Exercise requirements: Reprint the lines below as they are, minus the pictures.
### Collected data
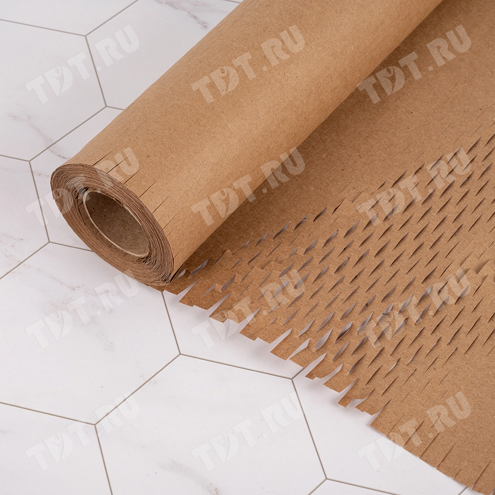 Оберточная сетчатая (сотовая) крафт бумага в рулоне цвета крафт, шириной 50 см, намоткой 10 м, плотностью 80 г/м². Экологически чистый упаковочный материал. Производится в России.
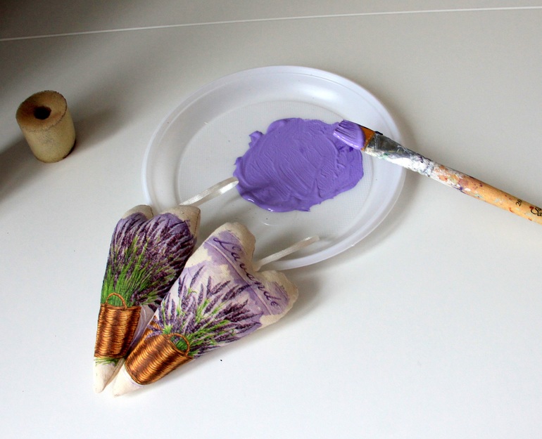 Сушеные сердечки мне не очень нравятся, у них совсем незаконченный вид. Поэтому я развожу немного акриловой краски в тарелочке
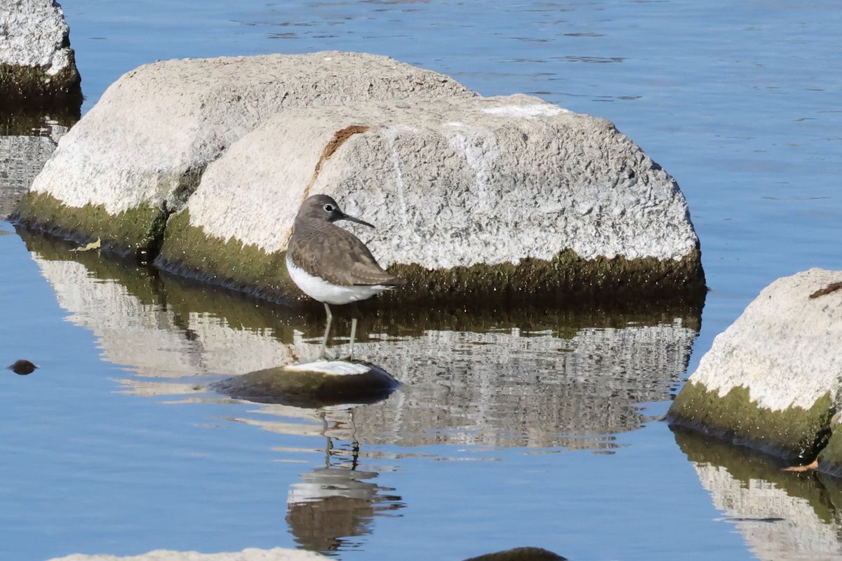 クサシギはたいていそうですが、1羽で単独でいて、こちらに気が付いていたと思いますが、飛ばずに、歩いて上流側に移動して遠ざかりました。
######
Task solution:
 Оберточная сетчатая (сотовая) крафт бумага в рулоне цвета крафт, шириной 50 см, намоткой 10 м, плотностью 80 г/м². Экологически чистый упаковочный материал. Производится в России.
 Сушеные сердечки мне не очень нравятся, у них совсем незаконченный вид. Поэтому я развожу немного акриловой краски в тарелочке
 クサシギはたいていそうですが、1羽で単独でいて、こちらに気が付いていたと思いますが、飛ばずに、歩いて上流側に移動して遠ざかりました。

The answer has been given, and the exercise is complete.